Let’s start with frequently asked interview questions and answers.
- What is Apache Spark?
- It is a fast and general-purpose cluster computing system. At its core, it is a generic engine for processing large amounts of data.
- It supports both real-time and batch processing
- Features of Spark
- Polyglot: Spark provides high-level APIs in Java, Scala, Python and R. Spark code can be written in any of these four languages.
- Speed: Spark runs up to 100 times faster than Hadoop MapReduce for large-scale data processing. Spark is able to achieve this speed through controlled partitioning. It manages data using partitions that help parallelize distributed data processing with minimal network traffic.
- Multiple Formats: Spark supports multiple data sources such as Parquet, JSON, Hive and Cassandra. It supports the following three file systems: Hadoop Distributed File System (HDFS), local file system and AWS S3.
- Lazy Evaluation: Apache Spark delays its evaluation till it is absolutely necessary. This is one of the key factors contributing to its speed. For transformations, Spark adds them to a DAG of computation and only when the driver requests some data, does this DAG actually gets executed.
- Real Time Computation: Spark’s computation is real-time and has less latency because of its in-memory computation.
- Hadoop Integration: Apache Spark provides smooth compatibility with Hadoop. This is a great boon for all the Big Data engineers who started their careers with Hadoop. Spark is a potential replacement for the MapReduce functions of Hadoop, while Spark has the ability to run on top of an existing Hadoop cluster using YARN for resource scheduling.
- Machine Learning: Spark’s MLlib is the machine learning component which is handy when it comes to big data processing.
- Compare Hadoop and Spark
- Faster: Due to the availability of in-memory processing, Spark implements the processing around 10 to 100 times faster than Hadoop MapReduce.
- Unlike Hadoop, Spark provides inbuilt libraries to perform multiple tasks from the same core like batch processing, Steaming, Machine learning, Interactive SQL queries. However, Hadoop only supports batch processing.
- Hadoop is highly disk-dependent whereas Spark promotes caching and in-memory data storage.
- Spark is capable of performing computations multiple times on the same dataset. This is called iterative computation while there is no iterative computing implemented by Hadoop.
Spark can be used alongside Hadoop
- HDFS: Spark can run on top of HDFS to leverage the distributed replicated storage.
- MapReduce: Spark can be used along with MapReduce in the same Hadoop cluster or separately as a processing framework.
- YARN: Spark applications can also be run on YARN
-
Batch & Real Time Processing: MapReduce and Spark are used together where MapReduce is used for batch processing and Spark for real-time processing.
- Name the components of Spark Ecosystem.

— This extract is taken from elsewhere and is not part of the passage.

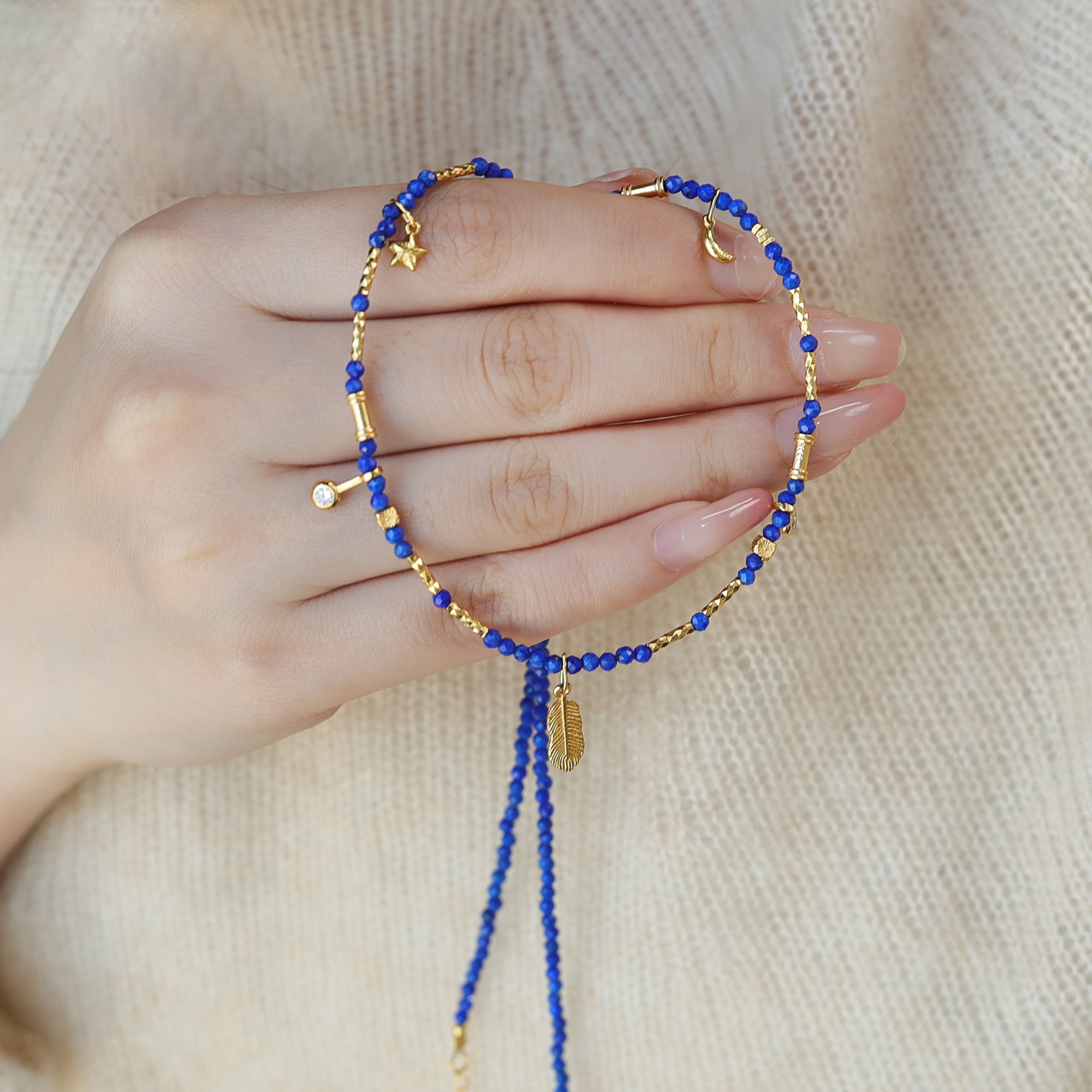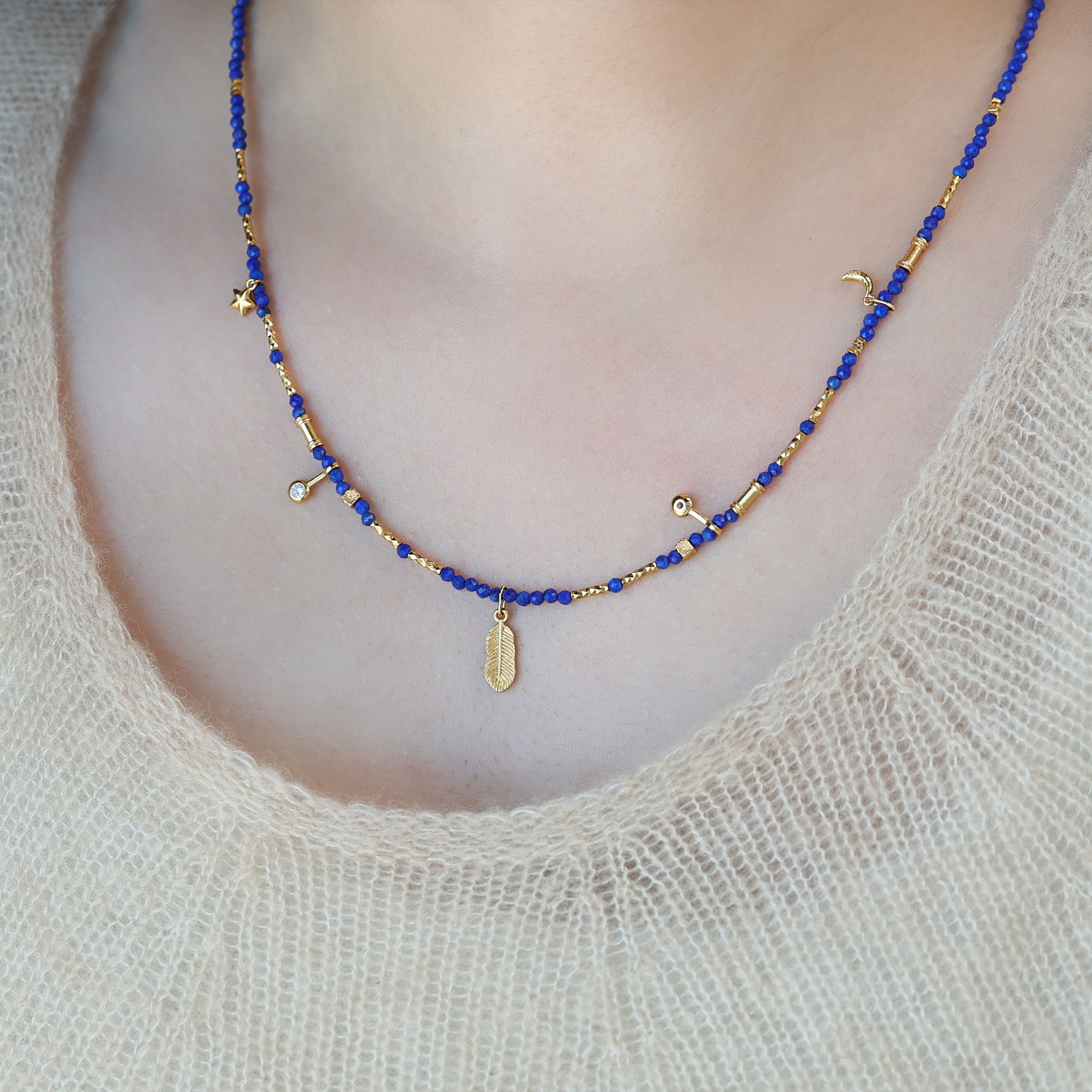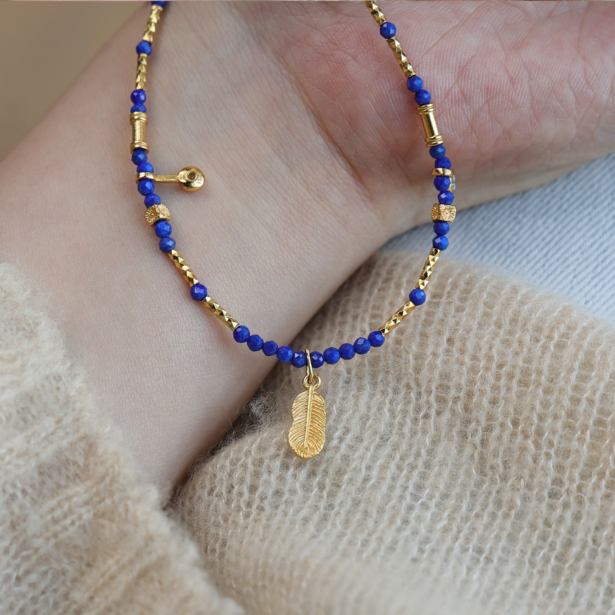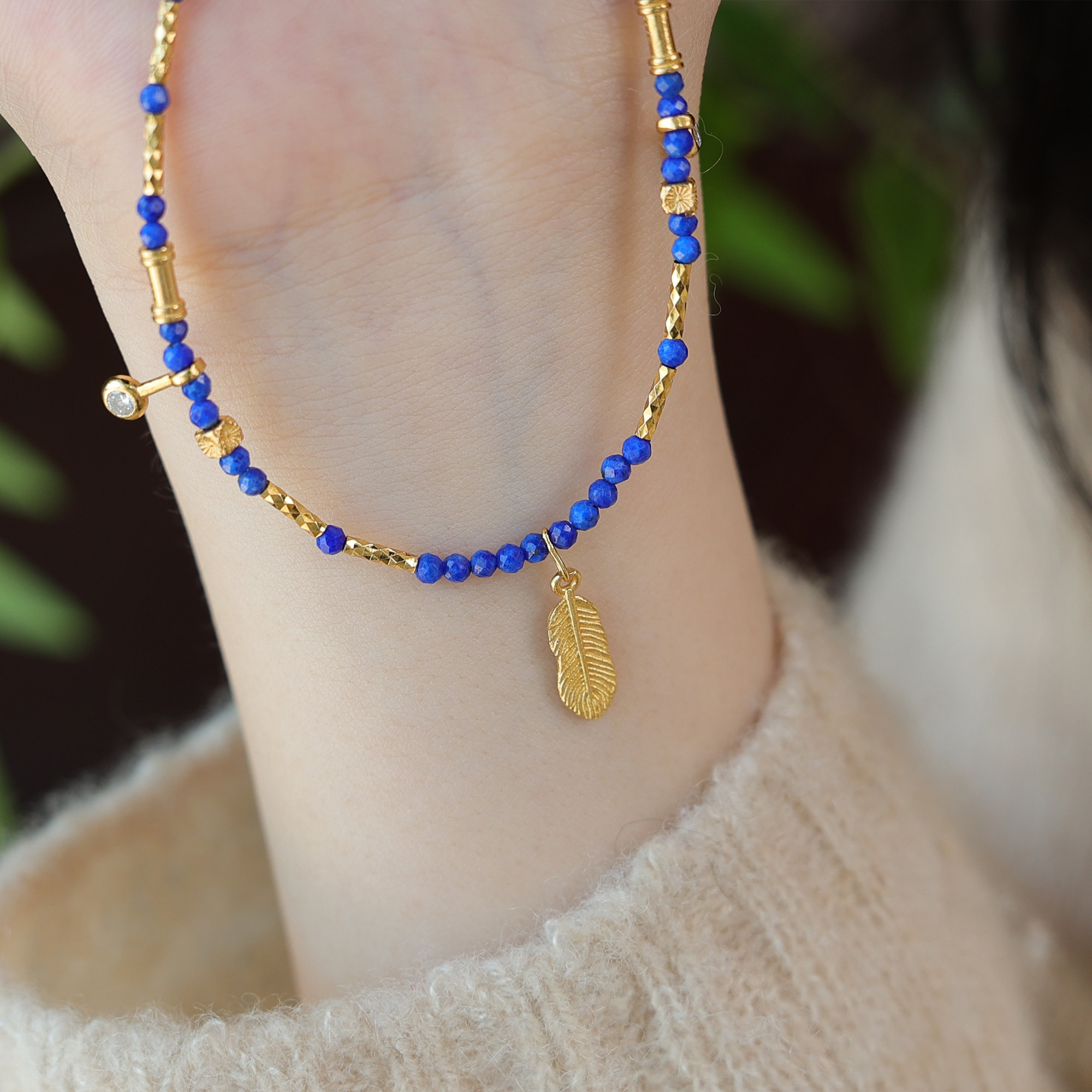 天然青金石鎖骨鍊羽毛鑲鑽2mm小米珠項鍊顯白氣質新中式小衆國風

- Spark Driver: a program that runs on the master node of the machine and declares transformation and actions on data RDDs. It creates SparkContext, connected to a given Spark Master and delivers the RDD graphs to Master.
- Spark Core: Base engine for large-scale parallel and distributed data processing
- Spark Streaming: Used for processing real-time streaming data
- Spark SQL: Integrates relational processing with Spark’s functional programming API. It supports querying data either via SQL or via the Hive Query Language. It is capable of:
- Loading data from a variety of structured sources.
- Querying data using SQL statements, both inside a Spark program and from external tools that connect to Spark SQL through standard database connectors (JDBC/ODBC). For instance, using business intelligence tools like Tableau.
- Providing rich integration between SQL and regular Python/Java/Scala code, including the ability to join RDDs and SQL tables, expose custom functions in SQL, and more.
- GraphX: Graphs and graph-parallel computation
- MLlib: Performs machine learning in Apache Spark
- Name types of Cluster Managers in Spark.
The Spark framework supports three major types of Cluster Managers:
- Standalone: A basic manager to set up a cluster.
- Apache Mesos: Generalized/commonly-used cluster manager, also runs Hadoop MapReduce and other applications.
- YARN: Responsible for resource management in Hadoop.
-
What is YARN?
YARN is one of the key features in Spark, providing a central and resource management platform to deliver scalable operations across the cluster. YARN is a distributed container manager, like Mesos for example, whereas Spark is a data processing tool. Spark can run on YARN, the same way Hadoop Map Reduce can run on YARN. Running Spark on YARN necessitates a binary distribution of Spark as built on YARN support.
-
Explain the concept of Resilient Distributed Dataset (RDD).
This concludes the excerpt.